Negli ultimi anni abbiamo rivolto la nostra attenzione su alcuni alimenti che ci sono stati indicati come particolarmente speciali e nutrienti: i superfood. Alcuni celebri esempi sono le bacche di goji, il mirtillo e il cavolo nero, ma ce ne sono molti altri. L’idea che ci siano alimenti particolarmente speciali è senza dubbio affascinante, così come il fatto che ogni anno ne vengano “scoperti” di nuovi.
Oggi si parla di:

  • superfood;
  • superfruit;
  • supergrain.

È possibile reperire online molte e diverse liste che elencano gli alimenti appartenenti a queste categorie. Se ne conoscete già alcuni, non è detto però che conosciate queste tre cose sui superfood…

1. I superfood non esistono

O meglio, “superfood” non è un termine scientifico. Infatti definire un alimento un “superfood” non ha valenza scientifica e non c’è una definizione tecnica sulle caratteristiche per le quali un cibo dovrebbe entrare a far parte della lista dei “super”.

Generalmente si tratta di cibi particolarmente densi di nutrienti come antiossidanti, vitamine, minerali o fibre. Non è facile però misurare scientificamente gli effetti positivi di questi alimenti in una dieta, soprattutto quando si trovano in prodotti processati.

Sul mercato si registrano invece delle vere e proprie impennate nelle vendite. Chi li acquista ritiene siano alimenti estremamente benefici per l’organismo e per questo è disposto a spendere di più rispetto a un prodotto della medesima categoria ma non “super”.

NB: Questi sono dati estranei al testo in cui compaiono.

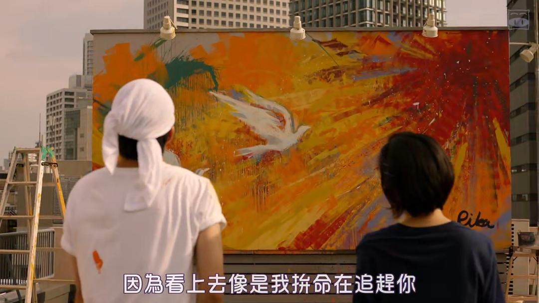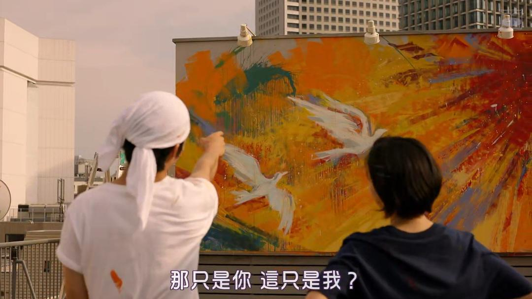 第二天莉香让完治和她一起请假翘班,买了油漆,粉刷楼顶的广告牌。两只鸽子在灿烂热烈的阳光中翱翔。完治说莉香是前头那只,他是在后头拼命追赶的那只,透露内心一点点自卑。而莉香表示两只鸽子只是在朝一个方向飞。

2. Il primo superfood era una banana

Il termine superfood ha infatti le sue radici nel mondo del marketing e non è nemmeno così nuovo. Nasce nei primi anni del ‘900 ed è legato a una campagna pubblicitaria che fece la “United Fruit Company”, la compagnia statunitense leader nelle importazione di banane dal Sud America.

L’obiettivo era quello di cambiare la percezione del frutto sul mercato americano. La banana, vista inizialmente come un frutto esotico e di lusso, con la massiccia crescita delle importazioni era diventata un prodotto molto accessibile e di minor valore.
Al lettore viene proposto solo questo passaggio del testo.